Pedicle subtraction osteotomies (PSOs) are well-established for rigid sagittal deformities, but the efficacy and safety of biplanar PSOs (BiPSOs) remain uncertain. This study aims to evaluate whether BiPSOs compromise sagittal correction or elevate surgical morbidity or complication rates.

Methods

A retrospective analysis of a prospective multicentric adult spinal deformity database included patients who underwent a single Schwab-3/4 PSO with at least two years of follow-up. BiPSOs were defined by segmental angular changes (SAD) greater than 5° in both the sagittal and coronal planes, while uniplanar (UPSOs) had SAD greater than 5° in one plane. Demographic, surgical, and outcome variables were compared.

Results

The study included 33 BiPSOs and 123 UPSOs. No differences were found for baseline demographic characteristics. UPSOs were more common in patients with prior spinal surgery (57.6% vs. 80.5%) with less L4-S1 lordosis (29.5° vs. 22°), meanwhile BiPSOs’ patients showed worse preoperative coronal alignment (C7-SVL 37.2 vs. 25.2 mm) and greater Cobb angles (44.6° vs. 24°).

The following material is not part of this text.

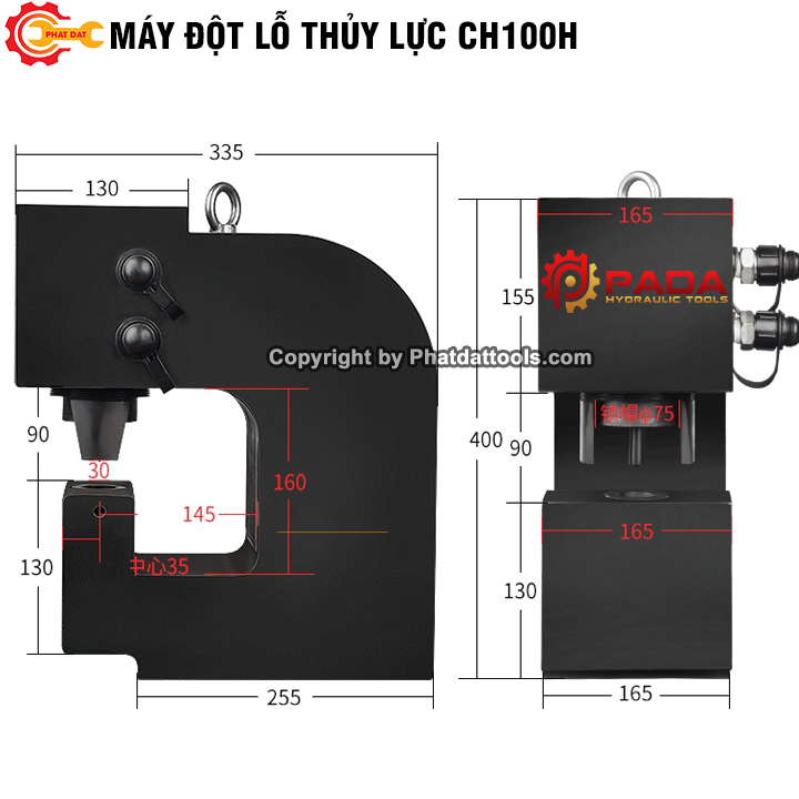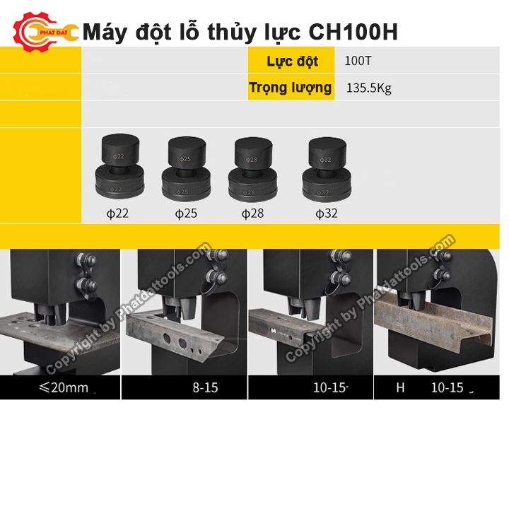 Máy Đột Thủy Lực CH100H PADA có lực đột 100T dễ dàng đột được tôn sắt thanh đồng dày 20mm.Các khuôn đột chuẩn của máy đột thủy lực Ch100H là ф22 – ф25 – ф28- ф32

Comparable coronal and sagittal alignment were obtained postoperatively according to C7-CSVL (19.1 vs. 17.0 mm) and GAP Score (5.1 vs. 5.6 points, − 48.6% vs. − 43.8%). Comparable surgical aggressiveness including surgical time, blood loss, or hospitalization stays was observed. Neurological complications were comparable between the groups (15.2% BiPSOs vs. 19.5% UPSOs), with no significant differences in motor deficits. Overall complication rates and patient-reported outcomes were comparable, though BiPSOs had higher satisfaction at final follow-up.

Conclusions

BiPSOs effectively treat rigid biplanar deformities, achieving optimal coronal correction without compromising sagittal alignment restoration or increasing surgical morbidity and neurological risks.